Hi Polycount forum,
I am modeling a tent. In Unreal, I want to animate the fabric, but my problem is that I don’t know how to model this shape since I’ve never made a form like this before and I also plan to add a small amount of thickness to the cloth. I’d appreciate any help with this. Will the topology I sketched in red work?
I want the tent’s fabric to have some subtle movement as well, and I’m open to any suggestions on how to achieve it.
Thank you in advance



Replies
Assuming this is the intention, I would suggest pre-baking the animation into bones, and using skinning to animate the meshes. This is highly performant, but not interactive.
To do this you could create the initial mesh using a cloth simulation tool like Marvelous Designer. Which will give you natural-looking creases and draping.
Then you could animate some bones to replicate wind-like behavior, and weight the vertices to the bones.
Do you have some reference video of what you're aiming to achieve? Super-essential I think, to guide you towards something that looks good.
I'm not endorsing this product, but there are some nice animated GIFs of tent fabric here: https://backercrew.com/skynest-ultralight-hammock-tent-all-in-one-quick-setup/
Along the lines of the suggestions from the Great Eric, and considering that the goal is an actual game asset for UE, then simply start by modeling a first version of the final polygon game asset of the tent at rest.
Garment making tools may be useful to an extent since they would generate some nicely evenly distributed tris or quads, but given that you are making a mere tent this is not really needed - just model things manually and keep things even, at least for a first version.
Then, get that first static version in game (perhaps with temporary UVs as that wouldn't hurt) and :
- After observing it for a while, start thinking about your course of action for the modeling of final version (like whether or not you need baked details, establishing the overall level of detail that you actually need, and anything else of that nature). You could also try to see how far you can take this first model with clever texturing alone. My bet would be that it would take you 90% there.
- Then, start experimenting with the many animation/dynamics tools at your disposal : like pre-baking the animation (either as Alembic vertex motion, or as a simulation baked onto bone clusters as suggested above) or creating said vertex animations either by hand or by sim ; but also exploring what the in-engine tools can do (cloth sim applied to certain regions of vertices, vertex shader node in the material for subtle sway, and so on).
- And then start worrying about the final asset once you reach a decision on all of the above.

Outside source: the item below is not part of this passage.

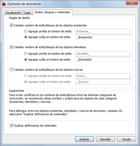 Modifique las reglas de diseño de renovación para añadir automáticamente un prefijo o sufijo a los nombres de estilo y bloque basándose en su categoría de renovación. Si no define previamente un prefijo o un sufijo y ya existe el mismo nombre de bloque o estilo en otra categoría del dibujo, se mostrará un mensaje de alerta y podrá escribir un nuevo nombre manualmente.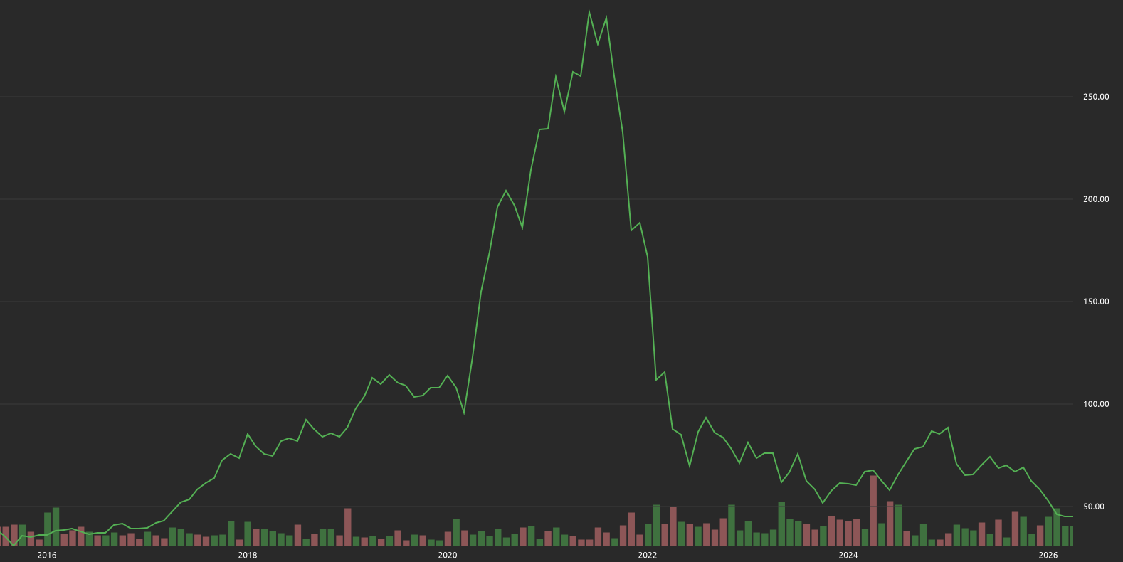 It's fair to say PayPal (PYPL) has been on a tumultuous ride over the last decade. This is reflected in its share price, which rose all the way up to just shy of $300 during the pandemic boom and subsequently fell all the way back down to below $50, where it continues to trade today.

In other words : get your full tech stack locked first and foremost, on a temporary asset that doesn't even necessarily need to look like your final.

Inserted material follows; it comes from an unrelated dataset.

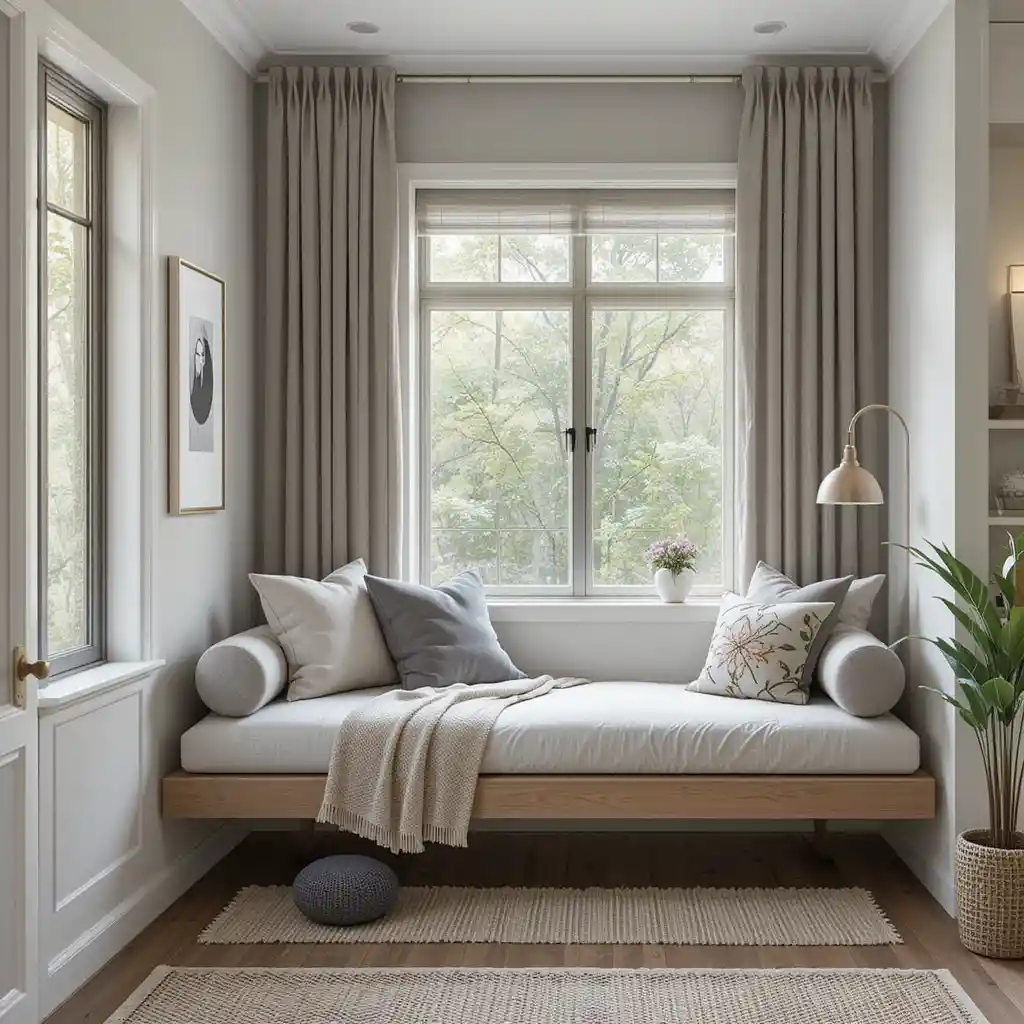 Install a floating daybed against the window wall for a sleek, modern lounging spot. Choose cushions in neutral or bold colors depending on your aesthetic. Bedroom Nook Ideas

IMHO your most reasonnable course of action is probably to just run a sim on your final low (in Blender) and bake that to vertex animation for export. Hence zero calculation on the engine, just playback, therefore no bottleneck for performance. But if you just need some very subtle sway, then a mere vertex motion on the material (maked by vertex colors) would be more than enough.
Here's a scene from Ground Zeroes (an exceptionally well optimized game with great performance and still looking fantastic today). I bet that the these tarps moving under the storm are either fully pre-baked as vertex animation, and/or using some clever (but very lightweight) vertex shader for noise (at the 13mins mark).